Welfare reform gaining, long-term report indicates Most who leave public dole get jobs and preserve families


ANNAPOLIS -- For nine years, Angela Thomas relied on welfare to care for her family. But when she heard about Maryland's plan in 1996 to reform the system, "I was determined that I was going to get off."

She went back to school to get her high school diploma and, with help from a job-training program called Maryland New Direction, she left the welfare rolls in September 1997 - a year after the state began its reform efforts.

The 26-year-old single mother of three now says she likes her new job as a clerk in Baltimore City Circuit Court and has no intentions of returning to welfare.

A long-term study of welfare reform in the state says Thomas' case is not unique.

The state Department of Human Resources said that most of the 97,336 people who got off welfare in Maryland since 1995 got jobs and stayed off welfare. Only one family in five returned to welfare within three months after leaving, officials said.

'Working pretty good'

"We've reformed welfare lots of times, and many of those reforms have been short rides, but so far this one is working pretty good," said Catherine Born, a research associate professor at the University of Maryland School of Social Work.

Despite the successes of the first two years, social workers say there is still much work ahead.

They said many former welfare recipients are now among the working poor, who still need public assistance to get by. And many of those who have not left welfare are likely to be in the "hard-core group" who have been on welfare longer and have fewer job skills.

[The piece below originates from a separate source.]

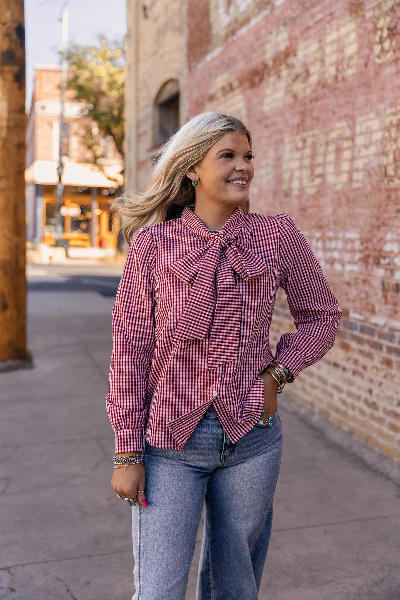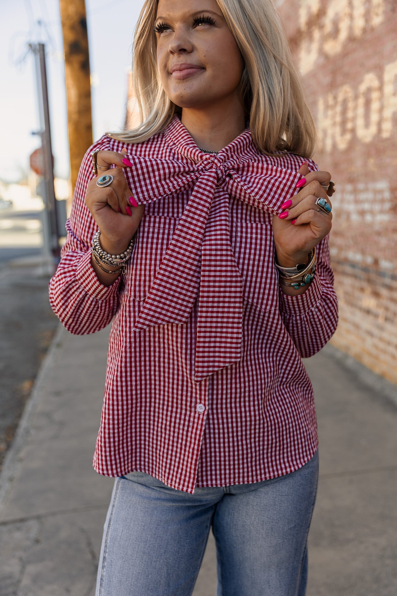 Elevate your wardrobe with The Vichy Top, showcasing a charming red and white gingham pattern. The elegant bow tie neck adds a touch of sophistication, while buttoned wrists and a classic button-up design ensure a polished silhouette. Perfect for both casual outings and refined gatherings.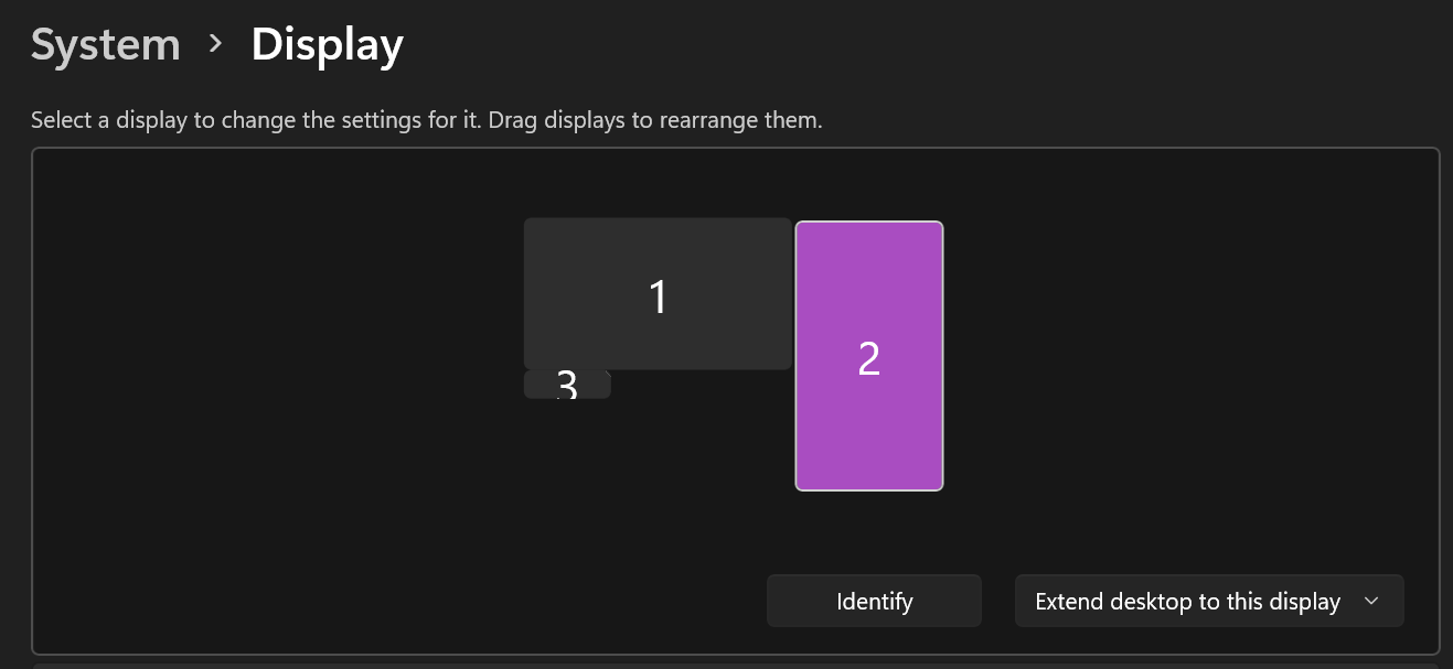 Sorry it is fuzzy, your website refused to upload the full resolution version (giving an unhelpful, misleading error message incidentally). The screenshot is the entire virtual screen. Physical screen 1 (3840x2160, 150%) has 'Display Settings' maximised. Physical screen 2 (2160x3840, 150%) is the 'main display' showing 'Winspector' maximised. Physical screen 3 (1280x400, 100%) has 'Aquasuite' maximised. Note that I moved screen 3 to a new position specifically so it has positive virtual coordinates.

But Born said her study of the system shows that, "at least in the first year, it's working the way we hoped. Those who are more ready to work are getting jobs."

The study, "Life After Welfare: Second Interim Report," also found that many fears about welfare reform have not come to pass. Foster care has not been overrun with children whose parents left the welfare rolls, Born said, and recipients were not -- thrown out of programs, as many feared.

"The majority of those leaving cash assistance are doing so voluntarily," Born said. "Only 7 percent of the case closings are due to imposition of the sanctions."

But while temporary cash assistance caseloads are dropping, the need for other services has been rising, say social workers.

In Anne Arundel County, for instance, almost every family that drops off the rolls of the Temporary Cash Assistance for Needy Families program "remains open for food stamps and Medicaid," said Vesta Kimble, deputy director of the Anne Arundel County Department of Social Services.

She said the caseload in her county has "increased slightly, from 20,175 cases in 1995, to 20,467 in 1998," despite a drop in the number of people getting direct cash benefits.

State welfare officials said they are not surprised by the continued dependence on other services.

"We never planned for people to leave in one step," said Lynda Fox, deputy secretary of the Department of Human Resources.

An Urban Institute study showed that it takes single mothers about four years to get jobs that pay enough to allow them to leave welfare, Fox said. She said social service workers expected that people would have to rely on programs like Medicaid and food stamps in the interim.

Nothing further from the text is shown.